In the case at bar the declaration alleges that the indebtedness to the plaintiff is a part of the indebtedness assented to by the defendants as directors, in excess of the sum of two-thirds of the capital stock actually paid in, and that the corporation was then insolvent and unable to pay its said indebtedness to an amount of, to wit, five thousand dollars. From the allegations, it fairly appears that the excess to which the directors assented, is comprised in part of the debt to the plaintiff, and in part of debts to other creditors. The creation of these debts may or may not have been severally assented to by all and the same directors, or the assent in more or less instances may have been by directors in part different. Individual liability depends upon individual assent to violation of the law; and eon*127sequently personal responsibility for the debts entering into the excess may not be the same as to any two of the directors. In such circumstances the- same judgment can not be rendered against all, and several judgments can not be had in an action at law. Yet in effect they can be had in a court of equity where all the parties in interest may be before the court, all the various equities determined, and such a decree rendered in a single action as, in its several elements, shall be equitable and just to all concerned.

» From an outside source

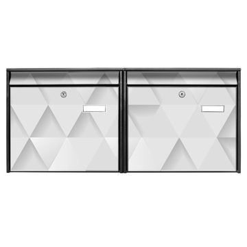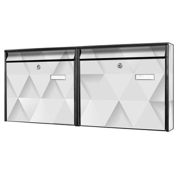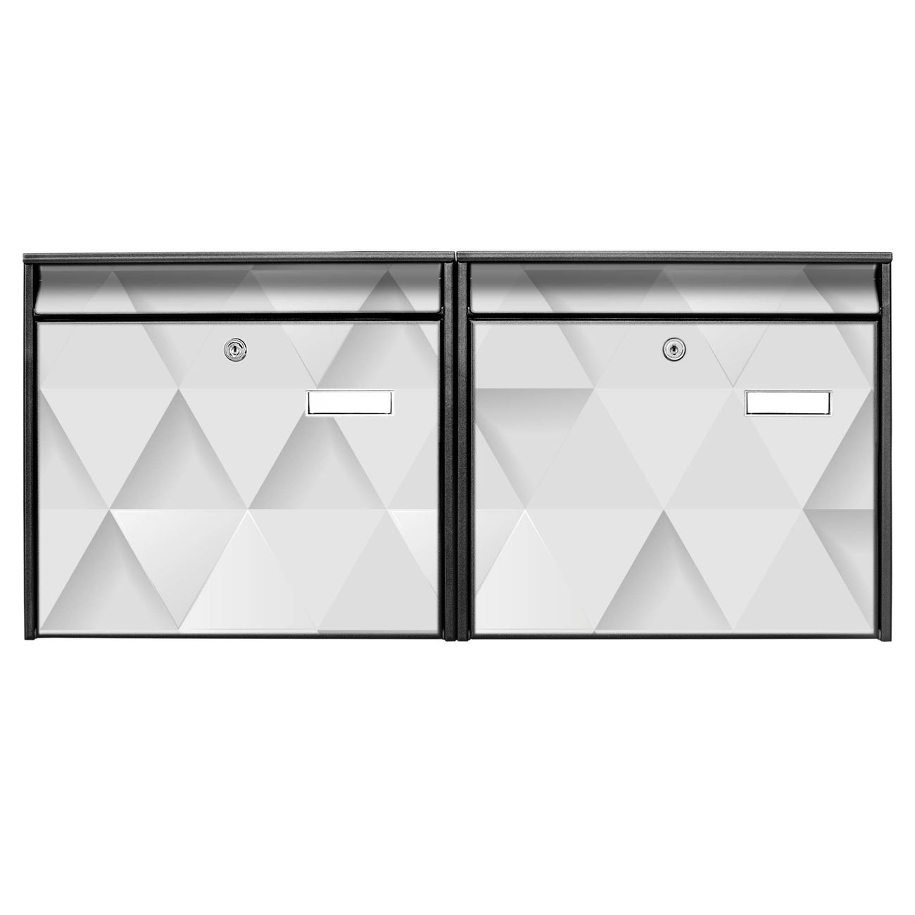 FUNKTION: Die Burg Wächter doppel Briefkastenanlage mit Motiv Weisse Dreiecke bietet Ihnen ein großes Fassungsvermögen, sodass auch A4 Sendungen eingeworfen werden können. Das Namensschild lässt sich individuell beschriften. DESIGN: Die 2 Briefkästen mit Weisse Dreiecke Motiv haben ein sehr ansprechendes und zeitloses Design. Heben Sie Sich von der tristen grauen Masse ab, ohne auf Funktionalität zu verzichten. Sie erhalten 2 Schlüssel sowie das Montagematerial. DETAILS: Der Doppelbriefkasten besteht aus verzinktem Stahl weiß. Er ist 72,5cm x 32,2cm x 10cm groß. Das Motiv besteht aus einer wetter- und UV-festen Folie, die Ihren Briefkasten zusätzlich vor Kratzern schützt. NUTZEN: Die stabile Bauart sowie die Wetterfestigkeit machen diese doppel Briefkästen zu einem zuverlässigen Begleiter im Alltag. Effektvoll in Reihe gehangen schmückt die Anlage jede Hauswand. BANJADO: Ihr Briefkasten wird in Sachsen in einer kleinen Manufaktur von Hand veredelt. Die Motivfolie ist lösungsmittelfrei und schutzlaminiert für einen langen Halt. Wir legen großen Wert auf die Verbindung von Funktionalität und Design. Sie erhalten Handarbeit aus Sachsen.

It is further argued in effect that the suit should be brought by a receiver, and that the allegations do not even show that one has been appointed. However this might be if the corporation were in the hands of a receiver who was closing up its affairs, in the circumstances appearing by the record, a suit in equity may be brought, all the creditors joining, or if the creditors are numerous, by one in behalf of himself and all the others. Stimson v. Lewis, 36 Vt. 91; Darling v. Osborne, 51 Vt. 148.

Judgment reversed, demurrer sustained, declaration adjudged insufficient, and judgment for the defendants to recover their costs.